Assigned task: Starting with the line that has "La scelta proposta" in the records below and stopping after the line that has "Snrpb knockdown affects", output every line exactly and nothing else; skip pictures.

◆ ◆ ◆

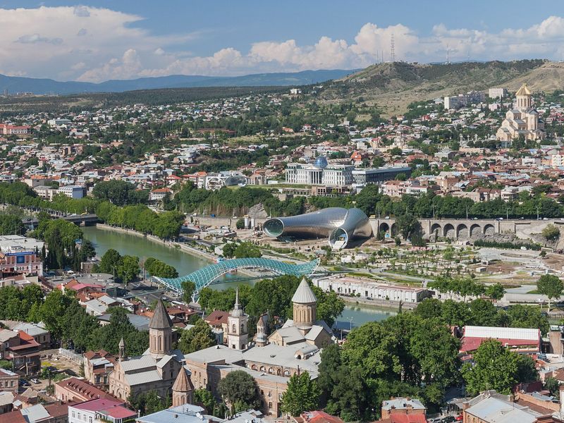 Погода в Тбилиси летом (+25–35°C) хороша для 5–6-часовой прогулки с заходом в соборы и кафе. Это место революций 2003 года и театрального вайба.
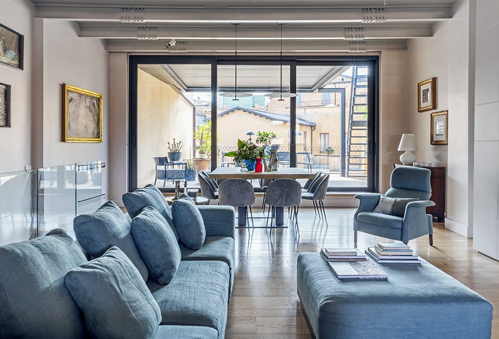 La scelta proposta dall’architetto è stata di invertire le zone notte e giorno, spostando soggiorno e cucina nella parte più distante dall’ingresso ma con affaccio sia sul terrazzo sia sul balcone. Il nuovo living, ora con cucina a vista, si raggiunge percorrendo il corridoio che arriva dall’ingresso e sul quale si affacciano prima gli ambienti notte. Lo si vede comunque subito, entrando, grazie a una porta completamente vetrata che rende immediato l’orientamento e lascia passare la luce che entra dagli spazi aperti.
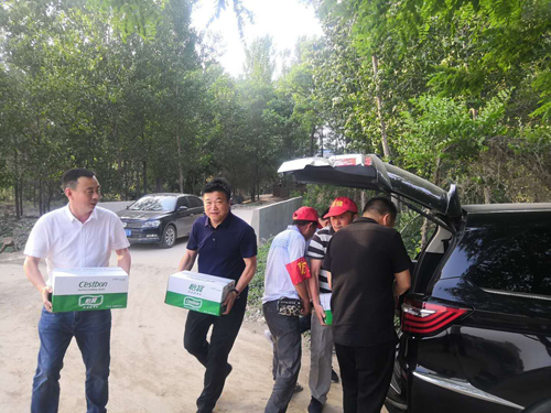 “我始終認(rèn)為,為家鄉(xiāng)建設(shè)出一份力,是我義不容辭的義務(wù)?!北本┦腥f城泰安建設(shè)有限公司白國正董事長對鄉(xiāng)親們說。6月1日,白國正為堅守在禁燒一線的工作人員,送來了恒大冰泉礦泉水100件。
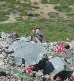 するとすぐにコマクサの群生地があり、そこで、→の小鳥さんがいました。何て鳥なのでしょう?よくよくこの小鳥の行動を見ていると、コマクサの花をついばんでいるように見えます。小鳥がコマクサの花を食べるのですか?!驚きです。
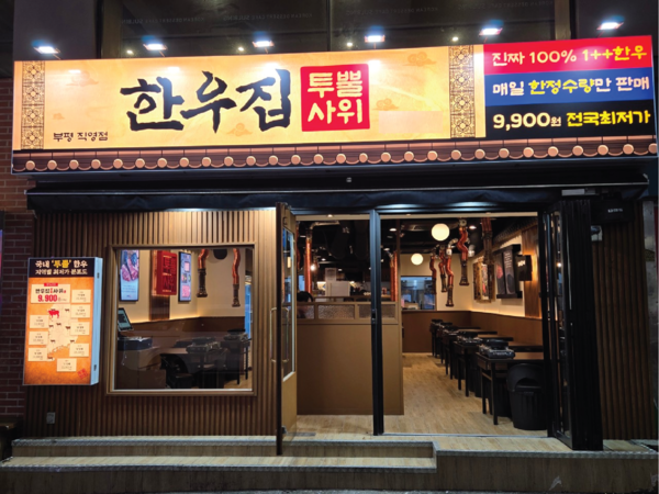 최근에는 ‘9,900원 한우집’이 또 한 번 화제가 됐다. 한우 꽃등심 100g, 그것도 투쁠 한우를 9,900원이라는 파격적인 가격에 내놓으면서 가맹점이 급속도로 늘었다. 유행을 따라 비슷한 상호명으로 나온 카피 가게들까지 우후죽순 생겨났지만, 이제는 성장세가 멈추고 정체기에 접어든 모습이다.
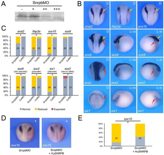 Snrpb knockdown affects neural crest formation. (A) Increasing amounts of SnrpbMO, 10 ng (+), 100 ng (++) and 500 ng (+++), block translation directed by snrpb mRNA. (-) Translation without SnrpbMO (B) Phenotype of SnrpbMO-injected embryos (5 ng) on neural crest (yellow arrows) and placode (red arrows) gene expression at stage 15. The gene analyzed in each panel is indicated in the lower left corner. D indicates dorsal view, anterior to top. L-cs indicates lateral view control side, anterior to left. L-is indicates lateral view injected side, anterior to right. (C) Quantification of the phenotypes. The numbers in each bar indicate the number of embryos analyzed. (D) sox10 expression in SnrpbMO-injected embryos is partially restored by expression of HuSNRPB resistant to the MO. The injected side is indicated by an asterisk. Dorsal views, anterior to top. (E) Quantification of the results. The numbers in each bar indicate the number of embryos analyzed. Statistically significant differences are indicated (*) p-value < 0.05 (Chi-squared test).
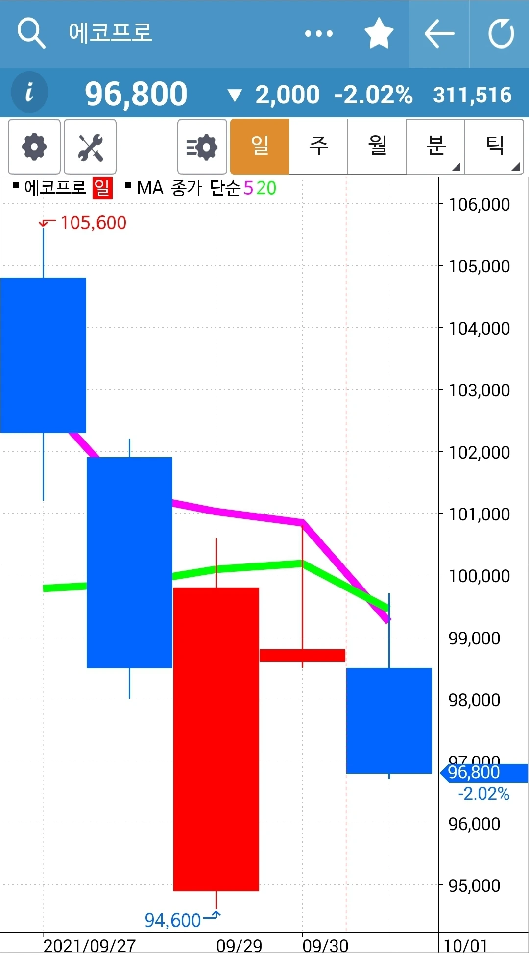 사진 2. 에코프로. 5일선이 20일선 아래로 내려가 몽땅 매도한 장면이다.
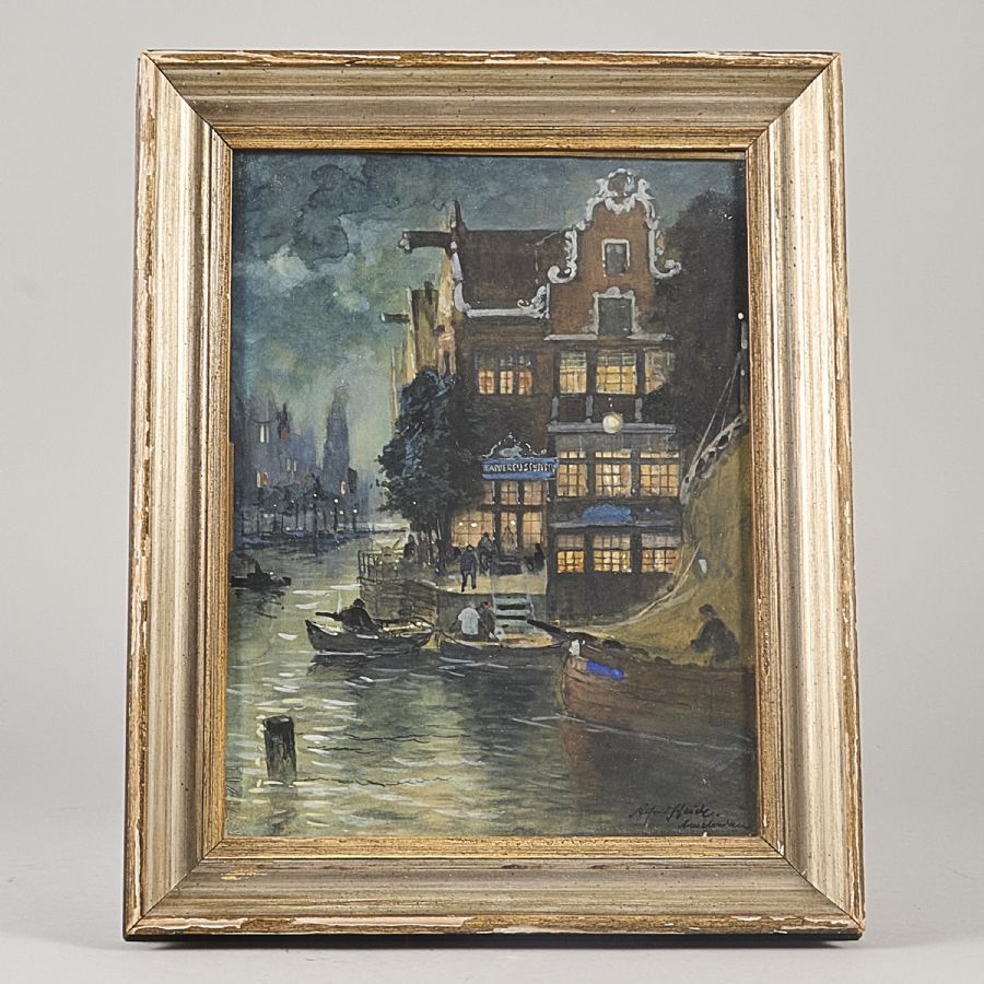 Alfred Heide, Signerad, Amsterdam, 31x23 cm, yttermått inklusive ram: 40x33
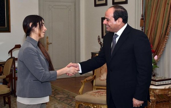 التقى الرئيس عبد الفتاح السيسي، اليوم السبت، بالمواطنة العراقية الإيزيدية، نادية مراد، التي استطاعت التخلص من أَسْر تنظيم داعش لها.
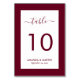 Elegant burgundi bröllop bordsnummer. Anpassa enkelt onlinen. Matchande artiklar som är tillgängliga för att komplettera detta moderna bordsnummer-kort för burgundy bröllop.
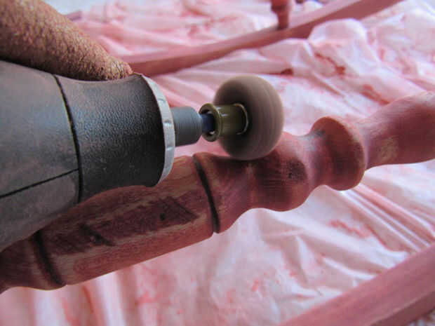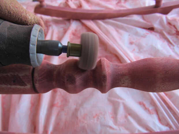Llegar a ella! Hice lo mejor pude lijar abajo pasada mancha sobra para llegar a la madera desnuda. He utilizado un bloque de lijado para todas las áreas planas, lijado a mano todos los ejes, luego utilizar mi herramienta rotatoria Dremel 4000 a 10K rpm con un abrasivo grueso (marrón) y lijado de la rueda en todas las grietas del huso.
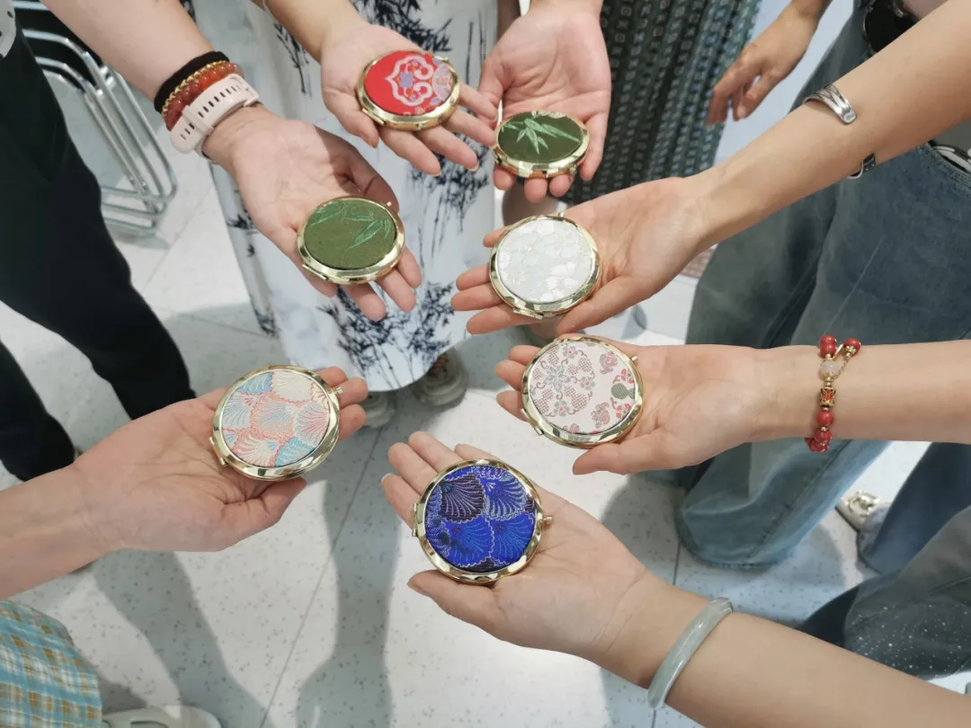 在互帮互助的氛围中,原本普通的材料在大家手中渐渐蜕变。当古朴华美的宋锦与光洁的镜面严丝合缝地结合,一件件独一无二、典雅别致的宋锦镜子制品便诞生了。成品有的典雅大方,有的精巧别致,宋锦独特的纹理在光线下泛着柔和的光泽,镜中映出的,是志愿者们欣喜的笑脸。
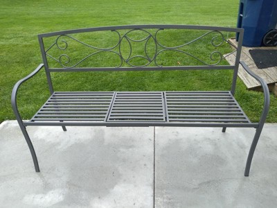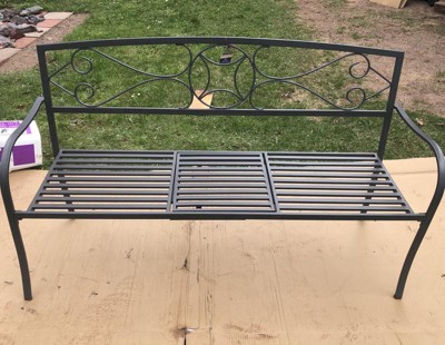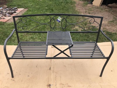 [This review was collected as part of a promotion.] Cute alpine metal garden bench with retractable table....I was gifted this free sample for testing purposes and I like it. Came with a few rusted spots but so little I can repaint. (No biggie) came with damaged threads but we managed to screw a few bolts to keep it strong!! This ain't no complaint because I totally like the after look in my front deck. Other than that is an iron frame material. Black finish features uv protection and is a weather protection bench. After build its sturdy strong to hold 2 to 3 people , you might just want to to add seat cushions or so but other than that it's a keeper .... it Adds elegant seating to your home's outdoor area with the Alpine Corporation Metal Garden Bench with Retractable Table. This garden bench with its retractable table provides a timeless design for a stylish addition to your garden or patio. The built-in retractable center table can be folded up or down for versatile seating options. With a classic design, this decorative yard seating provides a charming outdoor space for you to entertain family and friends. This bench is constructed from durable, weather-resistant metal for long-lasting use. This timeless vintage-style bench comes measures 59 in. L x 21 in. W x 34 in. H for use in almost any outdoor space a

◆ ◆ ◆

Exercise response:
 La scelta proposta dall’architetto è stata di invertire le zone notte e giorno, spostando soggiorno e cucina nella parte più distante dall’ingresso ma con affaccio sia sul terrazzo sia sul balcone. Il nuovo living, ora con cucina a vista, si raggiunge percorrendo il corridoio che arriva dall’ingresso e sul quale si affacciano prima gli ambienti notte. Lo si vede comunque subito, entrando, grazie a una porta completamente vetrata che rende immediato l’orientamento e lascia passare la luce che entra dagli spazi aperti.
 “我始終認(rèn)為,為家鄉(xiāng)建設(shè)出一份力,是我義不容辭的義務(wù)?!北本┦腥f城泰安建設(shè)有限公司白國正董事長對鄉(xiāng)親們說。6月1日,白國正為堅守在禁燒一線的工作人員,送來了恒大冰泉礦泉水100件。
 するとすぐにコマクサの群生地があり、そこで、→の小鳥さんがいました。何て鳥なのでしょう?よくよくこの小鳥の行動を見ていると、コマクサの花をついばんでいるように見えます。小鳥がコマクサの花を食べるのですか?!驚きです。
 최근에는 ‘9,900원 한우집’이 또 한 번 화제가 됐다. 한우 꽃등심 100g, 그것도 투쁠 한우를 9,900원이라는 파격적인 가격에 내놓으면서 가맹점이 급속도로 늘었다. 유행을 따라 비슷한 상호명으로 나온 카피 가게들까지 우후죽순 생겨났지만, 이제는 성장세가 멈추고 정체기에 접어든 모습이다.
 Snrpb knockdown affects neural crest formation. (A) Increasing amounts of SnrpbMO, 10 ng (+), 100 ng (++) and 500 ng (+++), block translation directed by snrpb mRNA. (-) Translation without SnrpbMO (B) Phenotype of SnrpbMO-injected embryos (5 ng) on neural crest (yellow arrows) and placode (red arrows) gene expression at stage 15. The gene analyzed in each panel is indicated in the lower left corner. D indicates dorsal view, anterior to top. L-cs indicates lateral view control side, anterior to left. L-is indicates lateral view injected side, anterior to right. (C) Quantification of the phenotypes. The numbers in each bar indicate the number of embryos analyzed. (D) sox10 expression in SnrpbMO-injected embryos is partially restored by expression of HuSNRPB resistant to the MO. The injected side is indicated by an asterisk. Dorsal views, anterior to top. (E) Quantification of the results. The numbers in each bar indicate the number of embryos analyzed. Statistically significant differences are indicated (*) p-value < 0.05 (Chi-squared test).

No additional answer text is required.